Something must break

When You Call My Name


Title: The Rolling Stones – Bitch

 

I miss you too much lately. Still, I feel like you’ve changed, so I have to learn to know you again. I miss it when you call my name and I felt like you looked up to me as if I was some kind of superhero, while I thought to myself that you are the most perfect girl I can think of and how lucky I am. To quote The Beatles: “You don’t look different, but you have changed”. We all change. Still, we don’t change. People change a bit, but not totally. You’re still the girl I knew, and you’re still the girl I fell and keeps falling in love with. I love you with all of my heart. I need you. I miss spending all my spare time with you.

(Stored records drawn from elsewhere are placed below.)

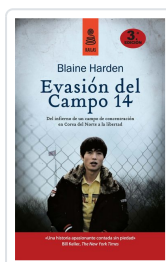
EVASIÓN DEL CAMPO 14 (5ª ED.) HARDEN, BLAINE
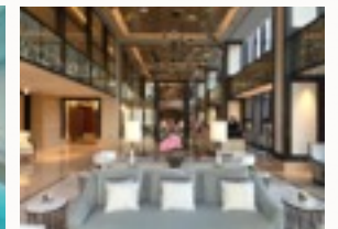
Piscina interior Entrada principal
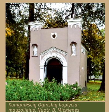
Kunigaikščių Oginskių koplyčia-mauzoliejus.
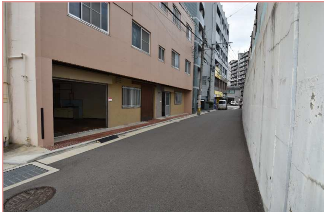
入口前通路 寄り付け・荷物の搬入がし易い！ 駐車場条件 近隣駐車場(月極)をご検討下さい
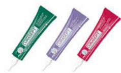
Curasept Gel Regenerating, Adstringent, Soothing Cena základní 167 Kč s DPH
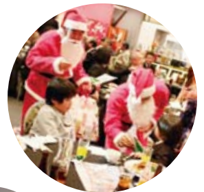
▲今年もライオン サンタが大活躍
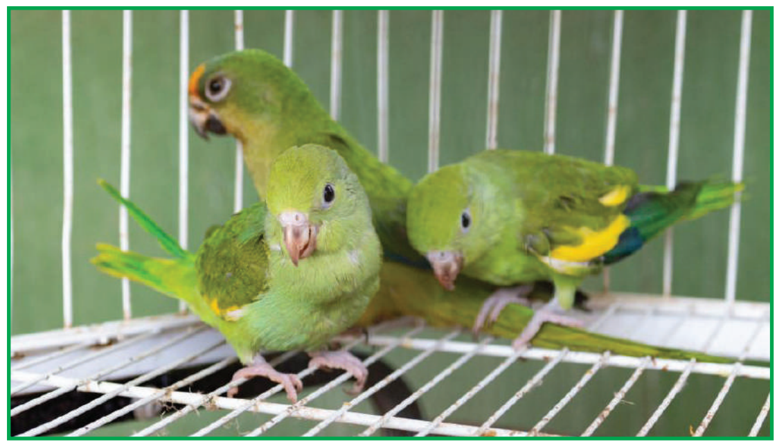
Animais silvestres devolvidos à natureza

resgatado pela Batalhão de Polícia Militar de Proteção Ambiental (BPMPA) no bairro Santa Rosa, em Cuiabá, preso a uma rede e encaminhado para uma clínica, onde se verificou apenas ferimentos leves. Após alta, foi solto em uma região de mata em Chapa-
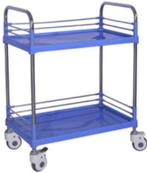
GUERIDON EN ABS 2 PLATEAUX
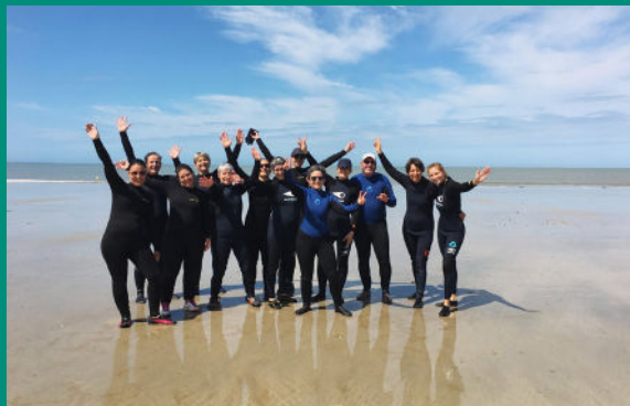
Impression ICI - Crédit photos : Cécile Nouchet, Octobre 2022.

N'hésitez pas à venir nous rencontrer. La Cité des soins est ouverte à toutes et tous.

I think I’m a bit depressed from all the missing you. I want you.

 

Though, you have to be free. I get that you have to change, because I’m not the only person in your world and you’ve understood some things I haven’t really figured before this weekend. Mainly, what you’ve gotten that I haven’t before now, is that it’s not so that you have to let go of everything of your current life when you get engaged or move together with someone. You can still visit your family. You can still talk to them. In my mind, I’ve been set to let go of everything once it was just you and me. But there is no “just you and me”, is there? We can’t just die away from everything, in a social suicide metaphorical way. I don’t have to stop talking and meeting and hanging out with all of my friends. If I’d gotten this a couple of years ago, I’d have so many more friends now.

 

Since I haven’t figured this before now, I’ve kinda been preparing to let go of everything and everyone.